Second-line ramucirumab beneficial to select liver cancer patients

09 Jun 2020 byJairia Dela Cruz
Second-line ramucirumab beneficial to select liver cancer patients

Use of ramucirumab in the second-line treatment of hepatocellular carcinoma (HCC) after prior sorafenib yields survival gains with a manageable safety profile in Japanese patients with elevated alpha-fetoprotein (AFP) levels, according to a subgroup analysis of the phase III REACH-2 trial.

The clinical benefits of ramucirumab observed in the Japanese subpopulation were in line with those observed for the overall REACH-2 study population,” the investigators said.

In the global REACH-2 population of advanced HCC patients with AFP ≥400 ng/mL (n=292) who had progressed on or could not tolerate sorafenib, treatment with second-line ramucirumab prolonged overall survival (OS) by about 30 percent compared with placebo (hazard ratio [HR], 0.710, 95 percent confidence interval [CI] 0.531–0.949; p=0.0199). [Lancet Oncol 2019;20:282-296]

The current subgroup analysis included 59 Japanese patients, 41 (median age, 71 years) of whom were in the active treatment arm and 18 (median age, 68 years) in the placebo arm. Those who received ramucirumab were more likely to be male, have higher Child–Pugh score A-5, longer disease duration, and have higher median baseline AFP level.

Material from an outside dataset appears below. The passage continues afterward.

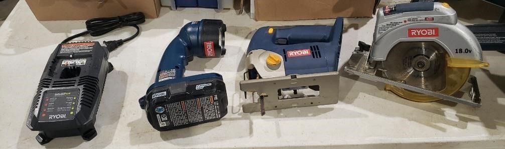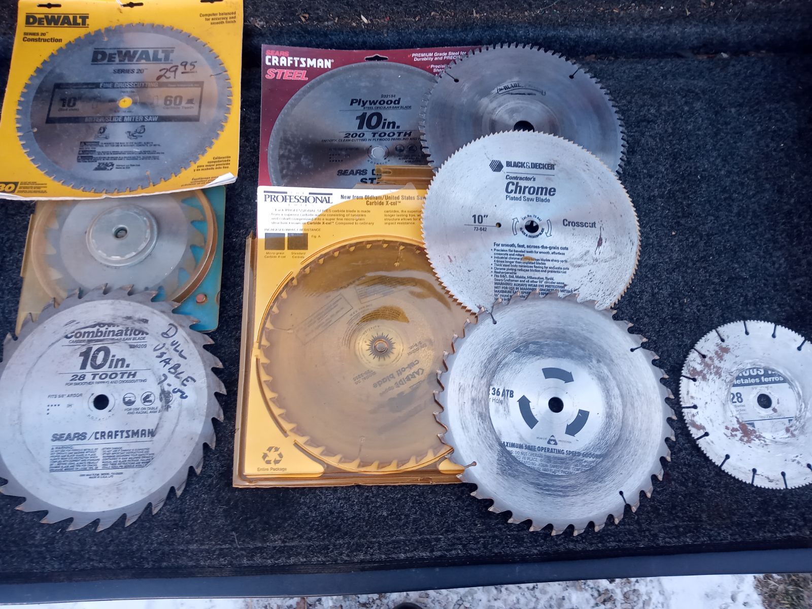 A couple of weeks or so ago I was following an on-line auction that was just a few miles away. A lot of varied type of tools, equipment, contractor supplies, some household etc. Backed off of more lots than I won, but these items followed me home. About $1.15/ea with buyer premium; 2 lots of files; 31 total, several new; some with minimal use; 2 or 3 to be repurposed?? The large rasp to the far left may be a farriers rasp versus wood, but if it'll cut a hoof, should cut wood. There was a third lot much later in the auction. Nothing special in it; files appeared used much more...maybe 12 total?? Sold for more than both of these lots combined This lot was later in the auction. $27.60 w/premium. 13 new, 1 used, reciprocating saw blades, 3 new hacksaw blades, new unused 14pc Bosch Masonry bit set, Irwin, Uni-bit, a WHOLE bunch lot of new, 1/4" lag bolts, Hanson 8" square, Stanley, 8" adjustable square, a Craftsman 3/4" chisel (head mushroomed no extra) but the business end near perfect + miscellaneous. Hanson square already gifted to daughter's fiancee'; probably some of the recip blades will be too. $2.30 w/premium. Figured the 4 gun locks were well worth that not to mention the master locks. All have their keys. Various assortment of putty knives, scrapers. Upper right of cardboard box (3) new, 4x24 80 grit sanding belts. Putty knives, scrapers, & 2 of the yellow gun locks gifted to daughter's fiancee' $26.45 w/premium. (7), 10" blades; 2 NIP, B&D fine tooth, used 1x??? a little rust); 24T, 36T, 48T, carbide; need cleaned for sure; probably need re-sharpened; something to practice with on my sharpener if nothing else??? Not pictured, NIP 7-1/4" B&D plywood blade Middle, left, NIP Delta, 7" adjustable dado (marked $44.95); I have a Craftsman version that came with my table saw package 45 years ago; used it a few times,; kinda scary...at least sounding but it did work. One on lower right is (or was) a 7" ferrous metal blade. pretty dull; may see if I can sharpen it; if not, it'll make nice marking knife blades or ??? $29.90 w/premium so about $6/ea piece. All work; don't think the light was ever used??? (2) saws very little; battery holds charge as it should; There were several Ryobi lots; most all were the newer "lizard green"; all had one battery and charger as this set did. Most of those sold within 25% of new so I backed out of those. Already gifted the light to daughter's finacee'. I have a Ryobi light like this plus Craftsman 19.2v that is identical. Bought a few other lots; various construction nails, roofing nails, finish nails some screws, etc. Less than gas for a trip to town & back would cost if you need any of them. Haven't really looked through much. It was 5* the afternoon I picked stuff up. Finally got it all out of my truck just before the "blizzard" hit. Anyways, thanks for riding along.

The study drug produced a significant improvement in progression-free survival (PFS; HR, 0.282, 95 percent CI, 0.144–0.553) and a numerical increase in OS (HR, 0.599, 95 percent CI, 0.303–1.187). The objective response (7.3 percent vs 0 percent) and disease control rates (70.7 percent vs 33.3 percent) were also higher than with placebo. [J Gastroenterol 2020;55:627-639]

Grade ≥3 treatment-emergent adverse events (TEAEs) occurred more frequently in the ramucirumab arm than in the placebo arm, with the most common being hypertension (15 percent vs 11 percent). Additionally, the proportion of patients who developed adverse events of special interest (AESIs), including liver injury/liver failure (low-grade ascites) and bleeding/haemorrhage events (lepistaxis), among others, was higher in the active treatment arm.

“This is the first report of an agent showing clinical benefit as second-line treatment in a population of Japanese patients with HCC following prior sorafenib,” according to the investigators, adding that the survival improvements seen with ramucirumab were consistent with those observed in the subpopulation of Japanese patients with similar characteristics in the REACH study (PFS: HR, 0.261, 95 percent CI, 0.391–0.986; OS: HR, 0.464, 95 percent CI, 0.232–0.926). [J Gastroenterol 2017;52:494-503]

Pooled patient-level efficacy data of the REACH-2 and REACH revealed that the survival gains obtained with ramucirumab were greater in the Japanese subpopulation than in the overall population (median OS, 10.8 vs 8.1 months). [Ann Oncol 2018;29(suppl 5):LBA-001]

“As discussed previously in relation to the REACH study, the reasons for numerically longer survival of ramucirumab-treated Japanese patients compared with the overall study population(s) require further elucidation, but may include differences in Japanese patient characteristics or disease management that result in greater benefit from an effective therapy,” the investigators pointed out.

“Conventional chemotherapy is of limited or no benefit in patients with advanced HCC. For a long time, sorafenib, a multikinase inhibitor, was the only systemic treatment shown to improve OS in patients with HCC. However, [the drug] is associated with significant toxicity, with approximately 30 percent of patients stopping treatment because of intolerance,” they noted. [Lancet 2018;391:1301-1314; N Engl J Med 2008;359:378-390; Cancer Sci 2008;99:159-165]

Taken together, the current data provide evidence that ramucirumab is an active and well-tolerated second-line treatment option for Japanese patients with HCC and elevated AFP levels, they added.